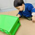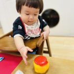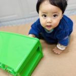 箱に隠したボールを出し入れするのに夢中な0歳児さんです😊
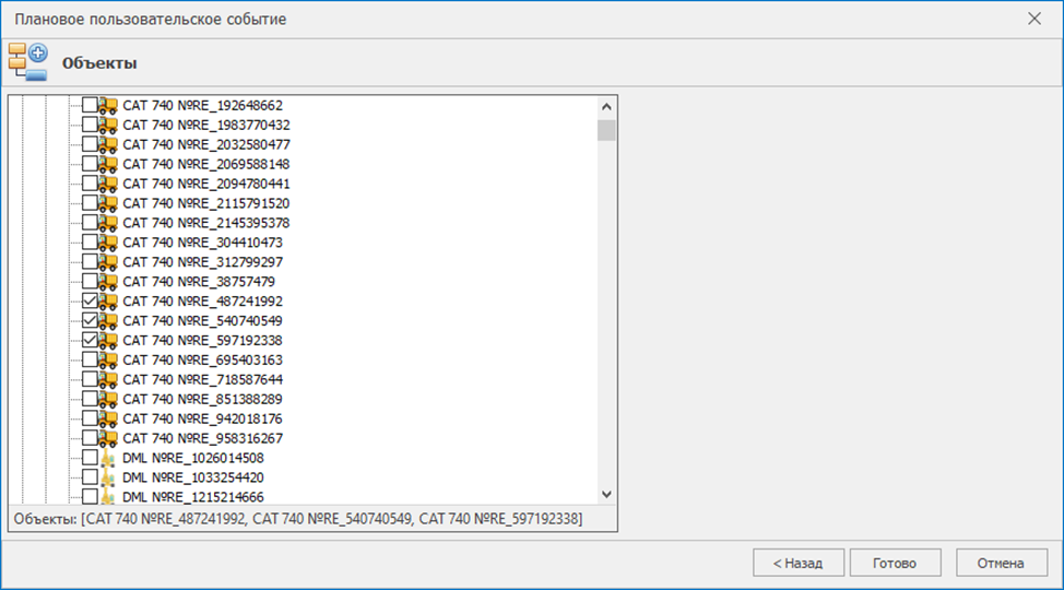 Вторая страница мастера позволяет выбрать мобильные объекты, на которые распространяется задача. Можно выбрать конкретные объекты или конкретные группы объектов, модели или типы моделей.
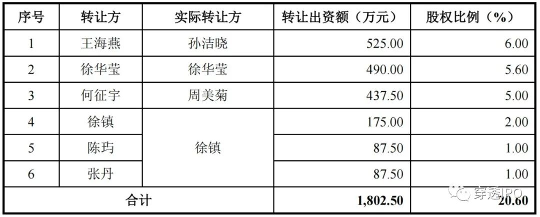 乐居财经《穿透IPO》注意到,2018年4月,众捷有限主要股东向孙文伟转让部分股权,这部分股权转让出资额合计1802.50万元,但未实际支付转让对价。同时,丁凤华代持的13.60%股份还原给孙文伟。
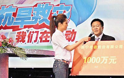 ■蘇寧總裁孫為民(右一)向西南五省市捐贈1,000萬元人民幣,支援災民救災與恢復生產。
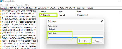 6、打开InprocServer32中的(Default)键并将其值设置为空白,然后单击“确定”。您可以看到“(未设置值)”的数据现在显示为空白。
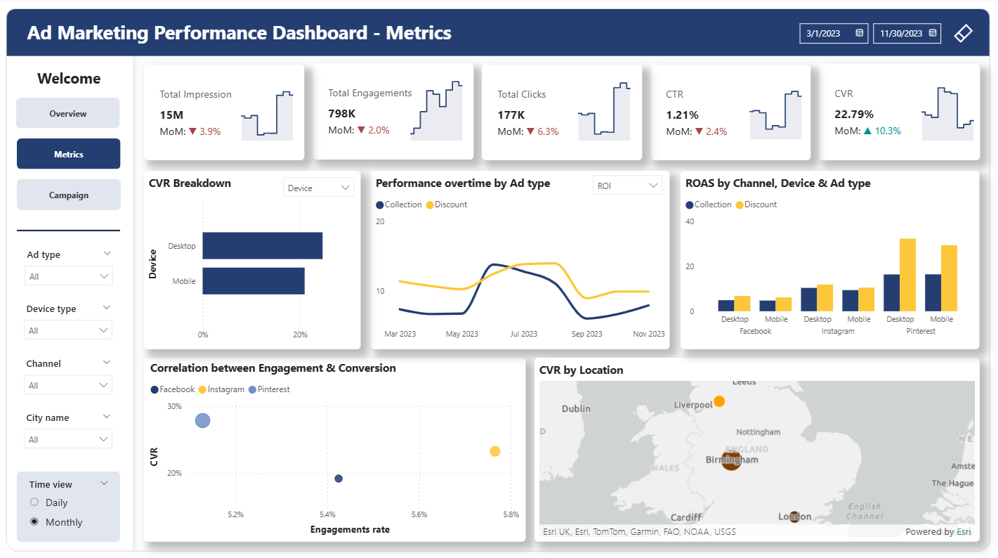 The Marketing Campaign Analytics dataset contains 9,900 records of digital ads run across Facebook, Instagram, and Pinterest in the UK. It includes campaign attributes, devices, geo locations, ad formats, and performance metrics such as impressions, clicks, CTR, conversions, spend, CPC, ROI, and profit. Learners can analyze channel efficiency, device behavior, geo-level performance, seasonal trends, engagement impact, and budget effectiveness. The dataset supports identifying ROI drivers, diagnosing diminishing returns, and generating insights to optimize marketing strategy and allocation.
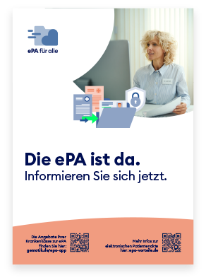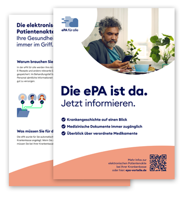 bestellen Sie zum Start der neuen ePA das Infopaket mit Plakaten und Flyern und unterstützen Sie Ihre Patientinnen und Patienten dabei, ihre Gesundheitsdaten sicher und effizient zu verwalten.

========================================

Your reply should hold only the records, duplicated exactly, without any image.

 箱に隠したボールを出し入れするのに夢中な0歳児さんです😊
 Вторая страница мастера позволяет выбрать мобильные объекты, на которые распространяется задача. Можно выбрать конкретные объекты или конкретные группы объектов, модели или типы моделей.
 乐居财经《穿透IPO》注意到,2018年4月,众捷有限主要股东向孙文伟转让部分股权,这部分股权转让出资额合计1802.50万元,但未实际支付转让对价。同时,丁凤华代持的13.60%股份还原给孙文伟。
 ■蘇寧總裁孫為民(右一)向西南五省市捐贈1,000萬元人民幣,支援災民救災與恢復生產。
 6、打开InprocServer32中的(Default)键并将其值设置为空白,然后单击“确定”。您可以看到“(未设置值)”的数据现在显示为空白。
 The Marketing Campaign Analytics dataset contains 9,900 records of digital ads run across Facebook, Instagram, and Pinterest in the UK. It includes campaign attributes, devices, geo locations, ad formats, and performance metrics such as impressions, clicks, CTR, conversions, spend, CPC, ROI, and profit. Learners can analyze channel efficiency, device behavior, geo-level performance, seasonal trends, engagement impact, and budget effectiveness. The dataset supports identifying ROI drivers, diagnosing diminishing returns, and generating insights to optimize marketing strategy and allocation.
 bestellen Sie zum Start der neuen ePA das Infopaket mit Plakaten und Flyern und unterstützen Sie Ihre Patientinnen und Patienten dabei, ihre Gesundheitsdaten sicher und effizient zu verwalten.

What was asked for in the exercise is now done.